I've got the following to work to add a 20 to all years.
$data00 =~ s/^D(\d{2})\/(\d{2})\/(\d{2})\n/D$1\/$2\/20$3\n/gm;
However, the dates include those before 2000.
While searching for a solution I ran across the /e option which said that it evaluates the replacement as Perl code. However I don't find it listed in all the documentation I've run across and I'm not sure what the syntax would be.

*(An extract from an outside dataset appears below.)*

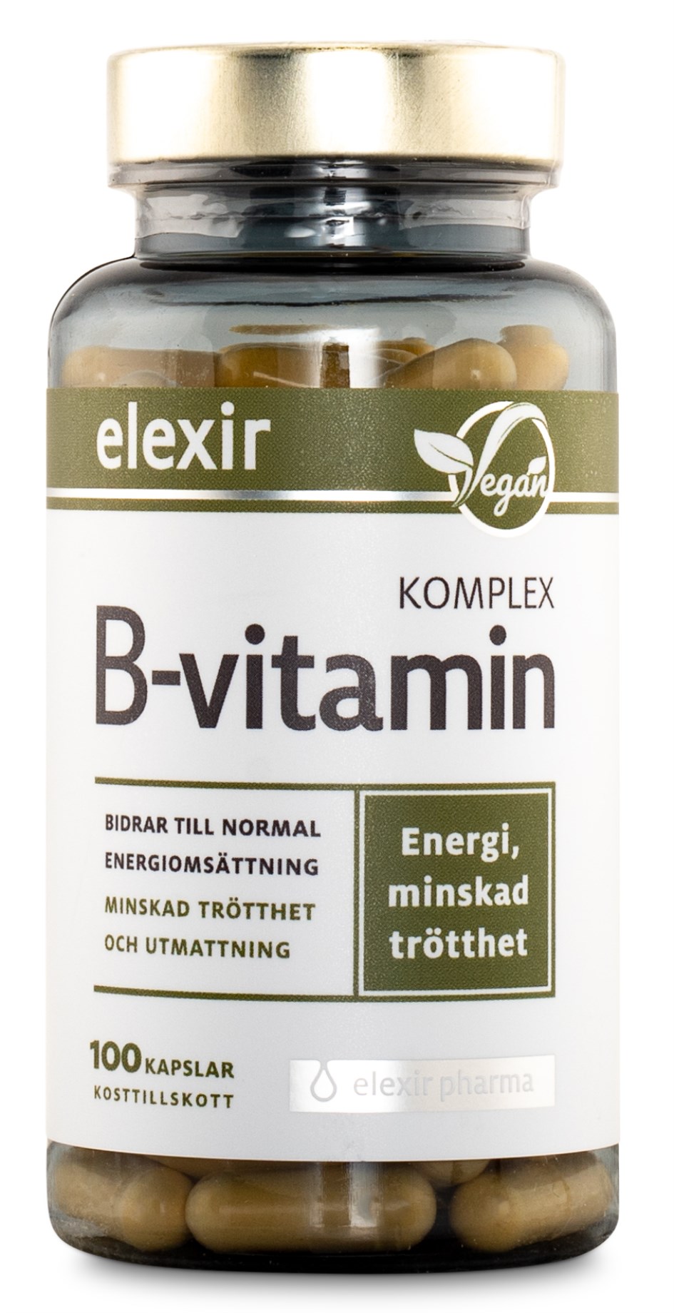 Med Elexir Pharma B-vitamin Komplex får du i dig dagsbehovet av alla B-vitaminer som du behöver. Vitamin B7 eller Biotin som den även kallas är viktig för huden och hårets normala kvalitet. B-vitaminer har även en viktig del i kroppens energiomsättning och vissa B-vitamin bidrar även till hormonreglering och till minskad trötthet. När vi stressar eller ökar vår fysiska aktivitet så förbrukar vi extra mycket B-vitaminer. Elexir Pharma B-vitamin Komplex är fria från konserveringsmedel och artificiella ämnen, kapslarna är även vegetabiliska. Komplettera din kost med B-vitaminer om du vill säkerställa ditt intag och speciellt om du äter en ensidig kost eller om du är vegan eller vegetarian.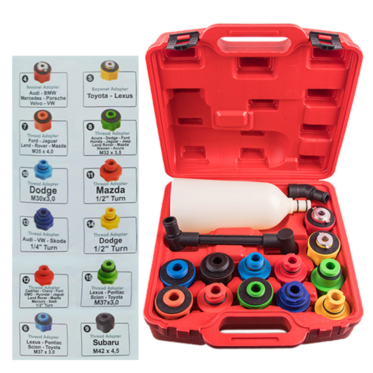 Набор - это в различные типы двигателей. Комплект относится к серии , предназначенной для . Благодаря , он обеспечивает , включая и другие. и позволяют без проливов. Цветовая маркировка адаптеров облегчает использование, а обеспечивает .

Is there a way to evaluate the $3 match and output 20 if $3 is less than 50 to make 2000 and 19 if not, to make 1997? I selected 50 because it seemed to be a safe middle ground.
For illustration purposes though I know it's incorrect:
$data00 =~ s/^D(\d{2})\/(\d{2})\/(\d{2})\n/D$1\/$2\/(if($3<50)20 else 19)$3\n/eg;
Is the /e even appropriate in this case?
Line examples extracted from huge text file.
D04/07/97
D04/14/98
D10/06/99
D10/13/05
D03/04/10
D12/09/10
D01/20/11
D12/22/11
Upvotes: 1
Views: 640
Reputation: 69224
I'd use Time::Piece to do this. Use the strptime()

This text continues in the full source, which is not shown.